Depreciation, depletion and amortization expense per Mcfe increased 20% from
$1.33 for the three months ended March 31, 2001 to $1.60 for the corresponding
three months in 2002. The increase in depreciation, depletion and amortization
expense was a result of higher production volumes combined with a higher
depletion rate. The higher depletion rate during the first quarter of 2002 is a
result of the addition of fewer new reserves from exploration and developmental
drilling.

         General and Administrative Expenses. General and administrative
expenses, net of overhead reimbursements received from other working interest
owners of $0.3 million and $0.6 million for the three months ended March 31,
2001 and 2002, respectively, decreased 59% from $8.0 million for the three
months ended March 31, 2001 to $3.3 million for the three months ended March 31,
2002. Included in general and administrative expense for the first quarter of
2001 were payments totaling $5.2 million made in connection with the termination
of former executive officers' employment contracts. We capitalized general and
administrative expenses directly related to oil and gas exploration and
development activities of $4.9 million and $3.3 million, respectively, for the
three months ended March 31, 2001 and 2002. The decrease in capitalized general
and administrative expenses is a result of lower aggregate general and
administrative expenses during the first quarter of 2002. Excluding the one-time
charges taken for the termination of employment contracts totaling $5.2 million
during the first quarter of 2001, aggregate general and administrative expenses
would have been $7.9 million for the first quarter of 2001 compared to $7.2
million for the first quarter of 2002, reflecting a decrease of 9% which was due
primarily to a decrease in incentive compensation (first quarter of 2001
included the payment of a special bonus in January 2001) combined with the
reorganization of our geologic and geophysical department during the first
quarter of 2002.

         On an Mcfe basis, general and administrative expenses decreased 63%
from $0.35 during the first quarter of 2001 to $0.13 per Mcfe during the first
quarter of 2002. Excluding the one-time charges taken for the termination of
employment contracts totaling $5.2 million, general and administrative expenses
on a per Mcfe basis would have increased 8% from $0.12 for the first quarter of
2001 to $0.13 for the first quarter of 2002. The higher rate per Mcfe during the
first quarter of 2002 reflects a decrease in the amount of general and
administrative expenses capitalized during the first quarter of 2002 offset in
part by an increase in production for the first quarter of 2002.

                                      -17-

         Other Income and Expense. For the first quarter of 2001, we recognized
other income of $1.4 million relating to the reversal of a portion of $1.8
million in certain reserves that had been established during the first quarter
of 2000 in connection with the review of strategic alternatives for our company.
In September 1999, together with KeySpan, our majority stockholder, we announced
our intention to review strategic alternatives for our company and KeySpan's
investment in our company.
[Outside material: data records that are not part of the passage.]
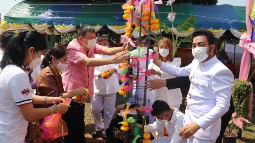 ทังนี้ มีพระสงฆ์ 10 รูป นำโดย 1.พระครูพระครูวรดิตถ์คณารักษ์ เจ้าคณะอำเภอฟากท่า เจ้าอาวาสวัดกกต้อง 2.เจ้าคณะตำบลสองคอน 3.เจ้าคณะตำบลฟากท่า,4. เจ้าคณะตำบลบ้านเสี้ยว, 5.เจ้าคณะตำบลสองห้อง, 6.พระครูอมรธรรมนิวิฐ เจ้าอาวาสวัดห้วยไข่เขียด, 7.พระใบฏีกาพรสุริยะ อนาลโย ผู้ช่วยเลขารองเจ้าคณะจังหวัดอุตรดิตถ์ 8.พระสุนีย์ สมฺจิตโต รักษาการวัดบ้านเดิ่น, 9.พระชาญยุทธ ขนฺติกโร รักษาการวัดมหาธาตุ 10.พระสายัตต์ วรปญฺโญ วัดห้วยไข่เขียด เจริญพระพุทธมนต์และสวดชัยมงคลคาถา เพื่อความเป็นศิริมงคลในการประกอบพิธีครั้งนี้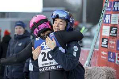 Annika MALACINSKI, USA, bib number 20, Lena BROCARD, FRA, bib number 12, Action Photo, Women's Individual Gundersen Normal Hill HS100/10,0 Km at Viessmann FIS Nordic Combined World Cup 2025-26 in Oberhof, Germany, 2026-01-18, Photo Credit: action press / NocoGirls AG KARMAPRESS-AG ALDO LIVERANI SAS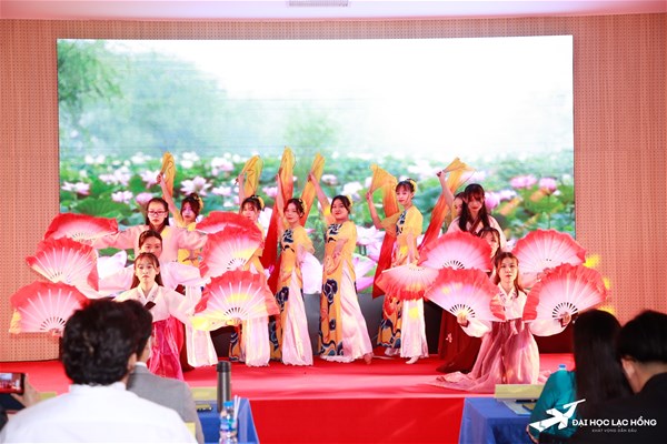 Sinh viên ngành Hàn Quốc học Trường Đại học Lạc Hồng biểu diễn văn nghệ với tiết mục múa Việt- Hàn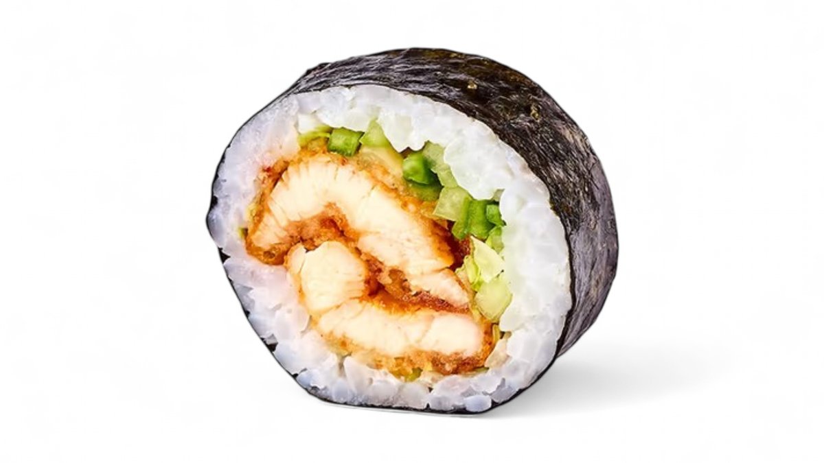 Rolka plnená vyprážanými krabími tyčinkami, úhorom, prekladaná plátkami tamaga a preliata unagi omáčkou. 230g

KeySpan was assessing our role within its future
strategic plan, and was considering a full range of strategic transactions
including the possible sale of all or a portion of our assets. On February 25,
2001, we announced, together with KeySpan, that the review of strategic
alternatives for Houston Exploration was complete. KeySpan announced that it
planned to retain its equity position in our company for the foreseeable future;
however, KeySpan considers its investment in Houston Exploration a non-core
asset.

         Interest Expense, Net. Interest expense, net of capitalized interest,
decreased 26% from $1.9 million for the first three months of 2001 to $1.4
million for the first three months of 2002. Aggregate interest expense decreased
29% from $5.1 during the first quarter of 2001 to $3.6 million during the
corresponding period of 2002. The decrease in aggregate interest is due to a
decrease in interest rates from an average borrowing rate of 8.17% during the
first quarter of 2001 to 5.36% during the first quarter of 2002. Capitalized
interest decreased 29% from $3.1 million for the first quarter of 2001 to $2.2
million for the first quarter of 2002 and corresponds to the decrease in
aggregate interest expense combined with a decrease in exploratory drilling
during the first quarter of 2002 (our capitalized interest is a function of
exploratory drilling and unevaluated properties, both of which were at lower
levels during the first quarter of 2002).

         Income Tax Provision. The provision for income taxes decreased 77% from
$27.3 million for the first three months of 2001 to $6.4 million for the first
three months of 2002 due to the 75% decrease in pre-tax income during the first
quarter of 2002 from $74.7 million during the first quarter of 2001 to $19.0
million during the first quarter of 2002 as a result of the combination of lower
natural gas prices, an increase in production, a decrease in interest expense
offset in part by a marginal increase in operating expenses.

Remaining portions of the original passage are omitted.